---------- SUPPLIED RECORDS ----------

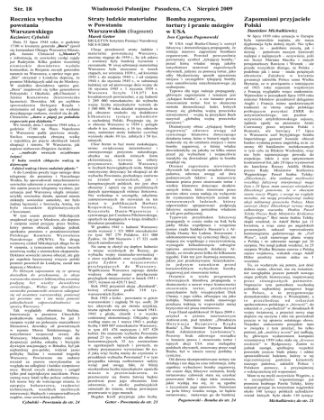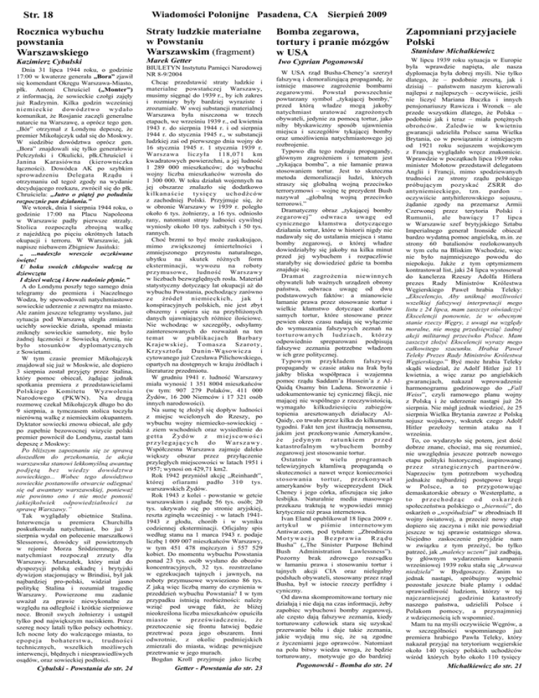 Str. 18 Rocznica wybuchu powstania Warszawskiego Kazimierz Cybulski Wiadomości Polonijne Pasadena, CA Sierpień 2009 Straty ludzkie materialne w Powstaniu Warszawskim (fragment) Marek Getter Dnia 31 lipca 1944 roku, o godzinie 17:00 w kwaterze generała „Bora” zjawił się komendant Okręgu Warszawa-Miasto, płk. Antoni Chruściel („Monter”) z informacją, że sowieckie czołgi zajęły już Radzymin. Kilka godzin wcześniej n ie mie c k ie do wód z tw o w yd a ło komunikat, że Rosjanie zaczęli generalne natarcie na Warszawę, a oprócz tego gen. „Bór” otrzymał z Londynu depeszę, że premier Mikołajczyk udał się do Moskwy. W siedzibie dowództwa oprócz gen. „Bora” znajdowali się tylko generałowie Pełczyński i Okulicki, płk.Chruściel i Janina Karasiówna (kierowniczka łączności). Dowódca AK po szybkim sprowadzeniu Delegata Rządu i otrzymaniu od tegoż zgody na wydanie decydującego rozkazu, zwrócił się do płk. Chruściela: „Jutro o piątej po południu rozpocznie pan działania.” We wtorek, dnia 1 sierpnia 1944 roku, o godzinie 17:00 na Placu Napoleona w Warszawie padły pierwsze strzały. Stolica rozpoczęła zbrojną walkę z najeźdźcą po pięciu okrótnych latach okupacji i terroru. W Warszawie, jak napisze niebawem Zbigniew Jasiński: „ ...nadeszło wreszcie oczekiwane święto! U boku swoich chłopców walczą tu dziewczęta I dzieci walczą i krew radośnie płynie.” A do Londynu poszły tego samego dnia telegramy do premiera i Naczelnego Wodza, by spowodowali natychmiastowe sowieckie uderzenie z zewnątrz na miasto. Ale zanim jeszcze telegramy wysłano, już sytuacja pod Warszawą uległa zmianie: ucichły sowieckie działa, sponad miasta zniknęły sowieckie samoloty, nie bylo żadnej łączności z Sowiecką Armią, nie było stosunków dyplomatycznych z Sowietami. W tym czasie premier Mikołajczyk znajdował się już w Moskwie, ale dopiero 3 sierpnia został przyjęty przez Stalina, który pomoc obiecał, żądając jednak spotkania premiera z przedstawicielami Polskiego Komitetu Wyzwolenia Narodowego (PKWN). Na drugą rozmowę czekał Mikołajczyk długo bo do 9 sierpnia, a tymczasem stolica toczyła nierówną walkę z niemieckim okupantem. Dyktator sowiecki znowu obiecał, ale gdy po zupełnie bezowocnej wizycie polski premier powrócił do Londynu, zastał tam depeszę z Moskwy: Po bliższym zapoznaniu się ze sprawą doszedłem do przekonania, że akcja warszawska stanowi lekkomyślną awantuę podjętą bez wiedzy dowództwa sowieckiego... Wobec tego dowództwo sowieckie postanowiło otwarcie odżegnać się od awantury warszawskiej, ponieważ nie powinno ono i nie może ponosić jakiejkolwiek odpowiedzialności za sprawę Warszawy.” Tak wyglądały obietnice Stalina. Interwencja u premiera Churchilla poskutkowała natychmiast, bo już 3 sierpnia wydał on polecenie marszałkowi Slessorowi, dowódcy sił powietrznych w rejonie Morza Śródziemnego, by natychmiast rozpoczął zrzuty dla Warszawy. Marszałek, który miał do dyspozycji polską eskadrę i brytyjski dywizjon stacjonujący w Brindisi, był jak najbardziej pro-polski, widział jasno politykę Stalina i rozumiał tragedię Warszawy. Powierzone mu zadanie uważał za prawie niewykonalne za względu na odległość i krótkie sierpniowe noce. Bronił swych żołnierzy i ustąpił tylko pod największym naciskiem. Przez szereg nocy latali tylko polscy ochotnicy. Ich nocne loty do walczącego miasta, to epopeja bohaterstwa, trudności technicznych, wszelkich możliwych interwencji, błędnych i niesprawiedliwych osądów, oraz sowieckiej podłości. BIULETYN Instytutu Pamięci Narodowej NR 8-9/2004 Chcąc przedstawić straty ludzkie i materialne powstańczej Warszawy, musimy sięgnąć do 1939 r., by ich zakres i rozmiary były bardziej wyraziste i zrozumiałe. W swej substancji materialnej Warszawa była niszczona w trzech etapach, we wrześniu 1939 r., od kwietnia 1943 r. do sierpnia 1944 r. i od sierpnia 1944 r. do stycznia 1945 r., w substancji ludzkiej zaś od pierwszego dnia wojny do 16 stycznia 1945 r. 1 stycznia 1939 r. Warszawa liczyła 118,071 km kwadratowych powierzchni, a jej ludność 1 289 000 mieszkańców; do wybuchu wojny liczba mieszkańców wzrosła do 1 300 000. W toku działań wojennych na jej obszarze znalazło się dodatkowo k ilk ana śc ie tys ię c y uchodź ców z zachodniej Polski. Przyjmuje się, że w obronie Warszawy w 1939 r. poległo około 6 tys. żołnierzy, a 16 tys. odniosło rany, natomiast straty ludności cywilnej wyniosły około 10 tys. zabitych i 50 tys. rannych. Choć brzmi to być może zaskakująco, mimo zwiększonej śmiertelności i zmniejszonego przyrostu naturalnego, ubytku na skutek różnych form eksterminacji, wywozu na roboty przymusowe, ludność Warszawy w liczbach bezwzględnych rosła. Materiał statystyczny dotyczący lat okupacji aż do wybuchu Powstania, pochodzący zarówno ze źródeł niemieckich, jak i konspiracyjnych polskich, nie jest zbyt obszerny i opiera się na przybliżonych danych ujawniających różnice ilościowe. Nie wchodząc w szczegóły, odsyłamy zainteresowanych do rozważań na ten temat w publikacjach Barbary Krajewskiej, Tomasza Szaroty, Krzysztofa Dunin -Wąsowicza i cytowanego już Czesława Pilichowskiego, opartych na dostępnych w kraju źródłach i literaturze przedmiotu. W grudniu 1941 r. ludność Warszawy miała wynosić 1 351 8004 mieszkańców (w tym: 907 279 Polaków, 411 000 Żydów, 16 200 Niemców i 17 321 osób innych narodowości). Na sumę tę złożył się dopływ ludności z miejsc wcielonych do Rzeszy, po wybuchu wojny niemiecko-sowieckiej z ziem wschodnich oraz wysiedlenie do getta Żydów z miejscowości przylegających do Warszawy. Współczesna Warszawa zajmuje daleko większy obszar przez przyłączenie przyległych miejscowości w latach 1951 i 1957; wynosi on 429,71 km2. Rok 1942 przyniósł akcję „Reinhardt”, której ofiarami padło 310 tys.
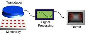 Figure 1 shows the make up of a typical biochip platform. The actual sensing component (or "chip") is just one piece of a complete analysis system. Transduction must be done to translate the actual sensing event (DNA binding, oxidation/reduction, etc.) into a format understandable by a computer (voltage, light intensity, mass, etc.), which then enables additional analysis and processing to produce a final, human-readable output. The multiple technologies needed to make a successful biochip—from sensing chemistry, to microarraying, to signal processing—require a true multidisciplinary approach, making the barrier to entry steep. One of the first commercial biochips was introduced by Affymetrix. Their "GeneChip" products contain thousands of individual DNA sensors for use in sensing defects, or single nucleotide polymorphisms (SNPs), in genes such as p53 (a tumor suppressor) and BRCA1 and BRCA2 (related to breast cancer).[8] The chips are produced by using microlithography techniques traditionally used to fabricate integrated circuits (see below).
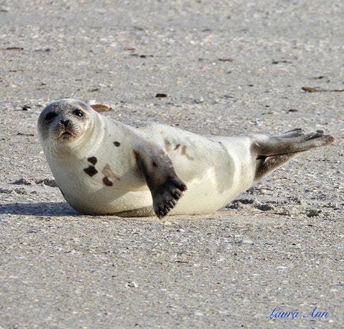 The seal, which is not an uncommon sight in the winter months, was sunning itself on the sand. Seals can also sometimes be found frolicking and feeding in the waters off Long Island.
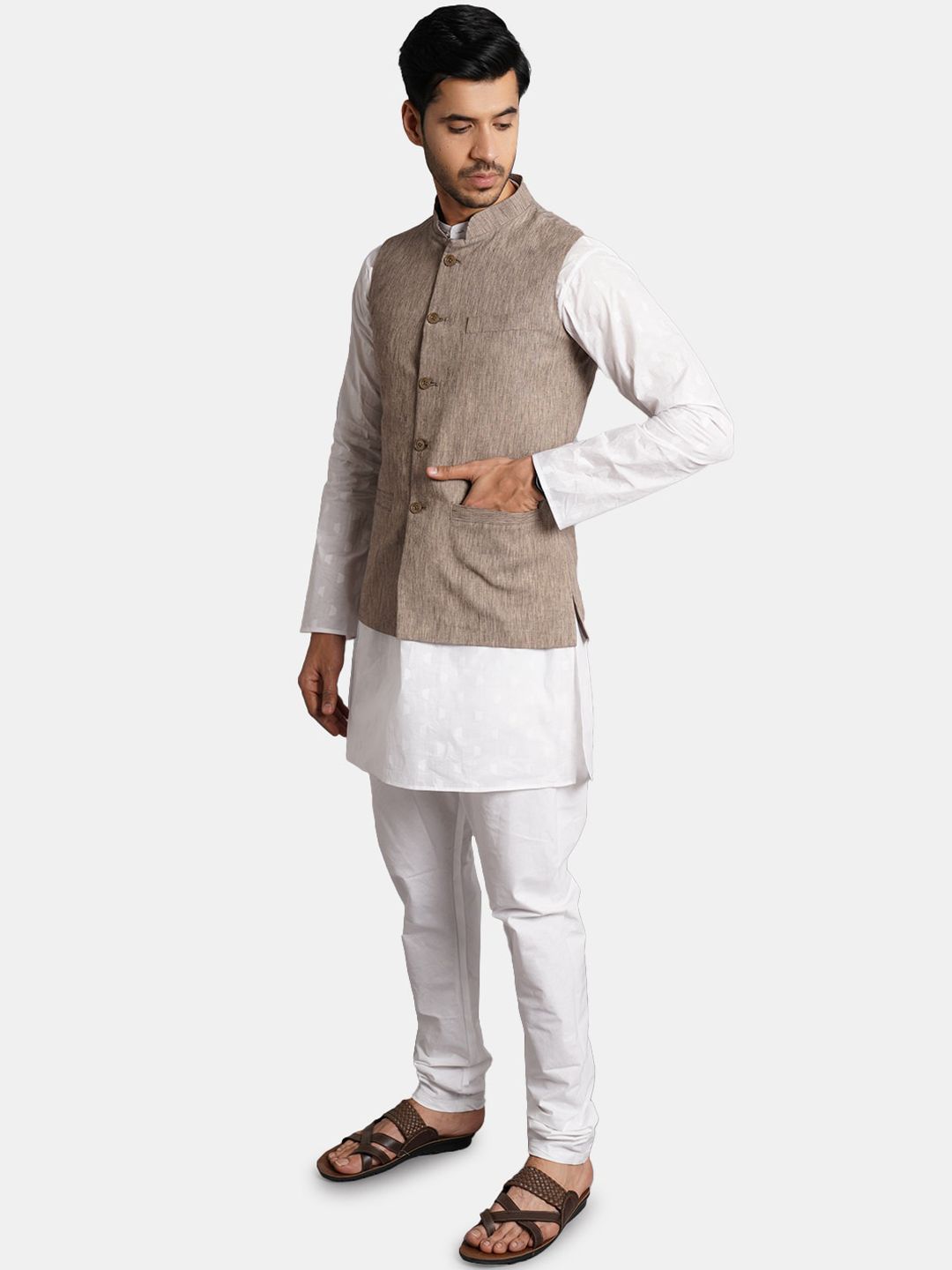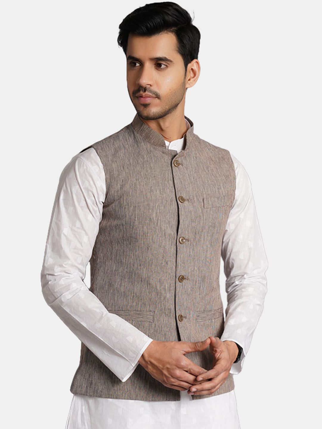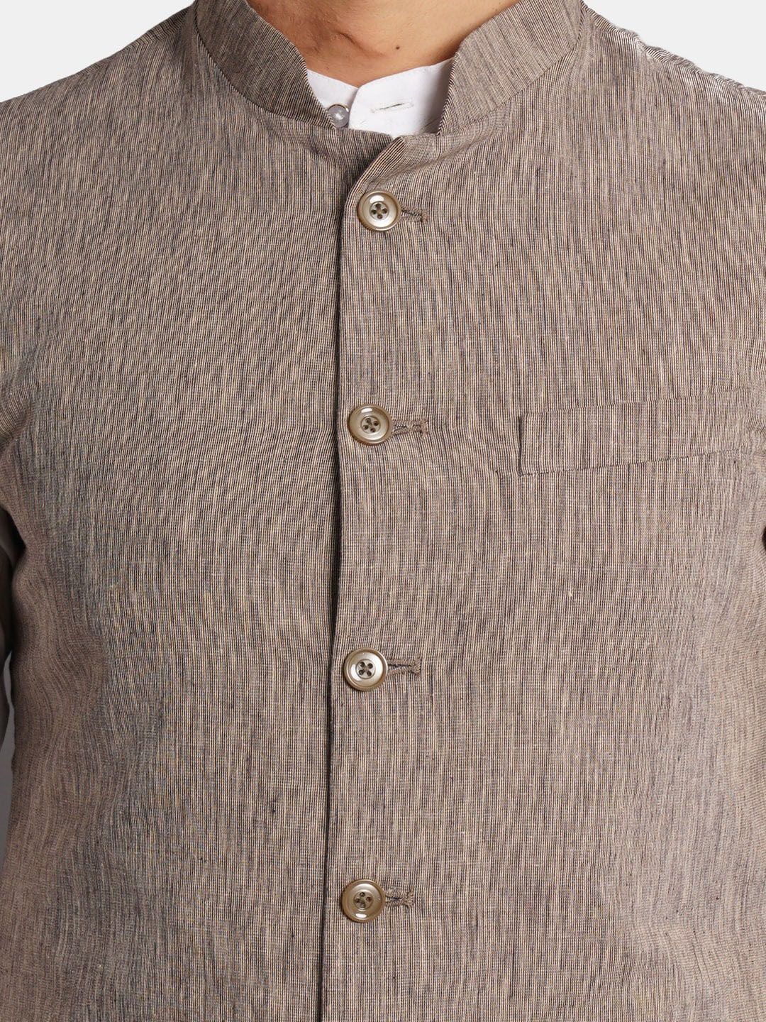 Brown solid woven Nehru jacket, has a mandarin collar, sleeveless, a full button placket, sleeveless, three pockets
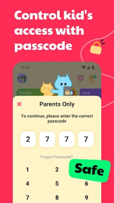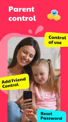 Both users must approve each other to become friends. A parental password allows parents full control over app usage.

----------

### TASK PROMPT
Your copy must start at the line that holds "The seal, which" and end at the last line of the data, both included; it must contain no pictures.

### SOLUTION TO THE PROBLEM
 The seal, which is not an uncommon sight in the winter months, was sunning itself on the sand. Seals can also sometimes be found frolicking and feeding in the waters off Long Island.
 Brown solid woven Nehru jacket, has a mandarin collar, sleeveless, a full button placket, sleeveless, three pockets
 Both users must approve each other to become friends. A parental password allows parents full control over app usage.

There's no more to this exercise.